Use print(x, correlation=TRUE) or
vcov(x) if you need it
ef2 = data.frame(Effect(mod_rate_brdown, focal.predictors = c("treatment", "ratefactor")))
ggplot(data = ef2, aes(x = treatment, y = fit, col = ratefactor))+ labs(x = "Treatment", y = "Comprehension score")+ ggtitle("Comprehension accuracy") +
geom_errorbar(aes(ymin=fit-se, ymax=fit+se), width=.2, position=position_dodge(width=0.1))+
geom_point(position=position_dodge(width=0.1), (aes(size=1.)), show.legend =F) + facet_grid(~ ratefactor)
This is really interesting! (The panels need reordering). What reading rate does is manipulate the range of changes in the listening rate, from the smallest in the fastest readers to the largest in the slowest readers. More specifically, fastest readers are worse at listening comprehension at low speeds but pretty consistent (i.e., lose less) over the entire speech rate range. They are the most tolerant to very high speech rates, and there is no clear drop in performance (inflection point).

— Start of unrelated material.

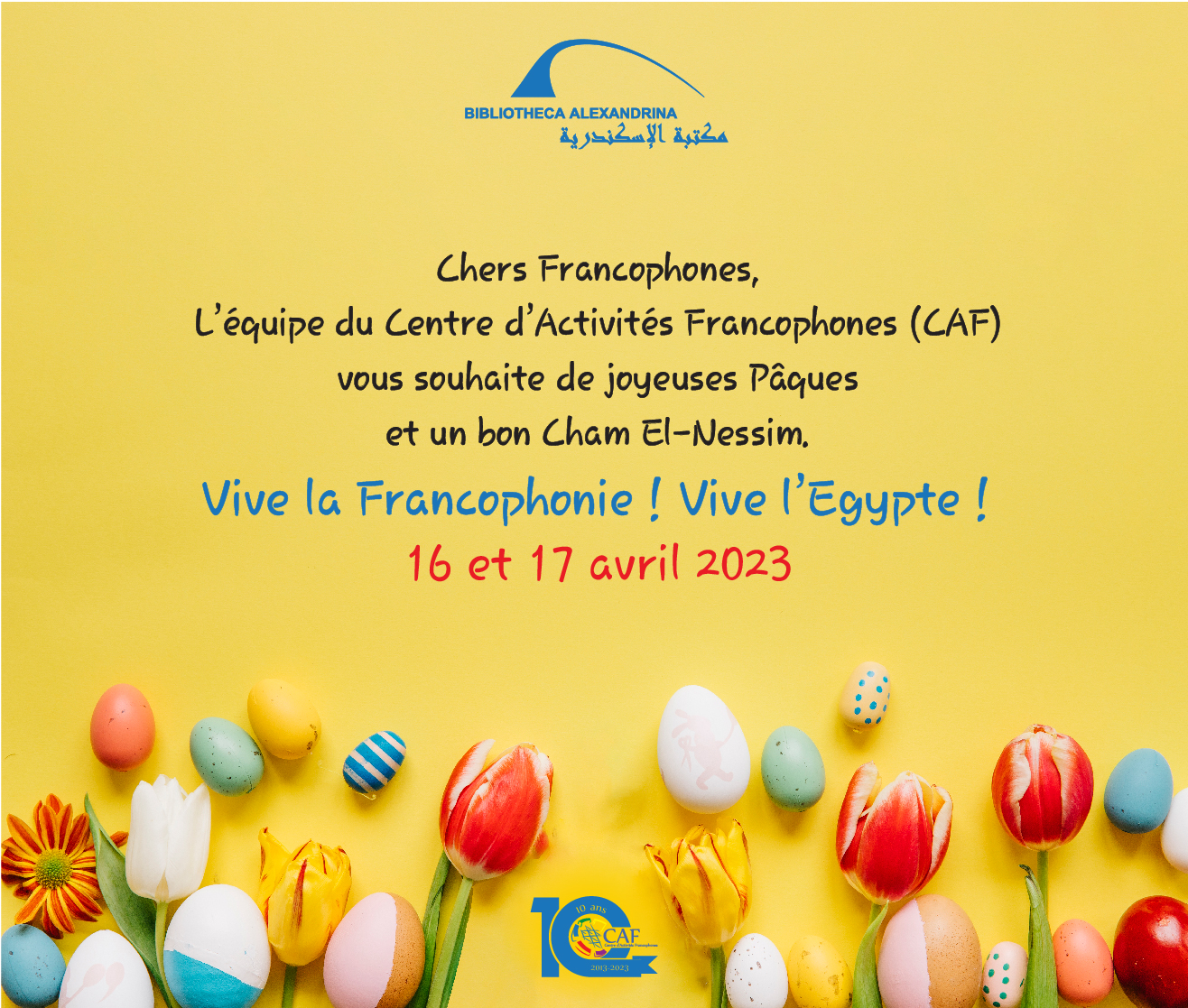 L’équipe du Centre d’Activités Francophones (CAF) vous souhaite de joyeuses Pâques et un bon Cham El-Nessim.

In readers with both the mid- and low-reading rate, there is a clear drop. Readers with a mid-range reading rate maintain top performance at higher speech rates than slowest readers (up to 315 wp vs 270 wpm). So there is a clear hierarchy: fastest readers are the most tolerant, followed by mid-range, followed by low range of reading rate. But this tolerance comes at a cost. Top performance in listening comprehension is associated with mid and low reading rates, while fastest readers are mediocre in this task.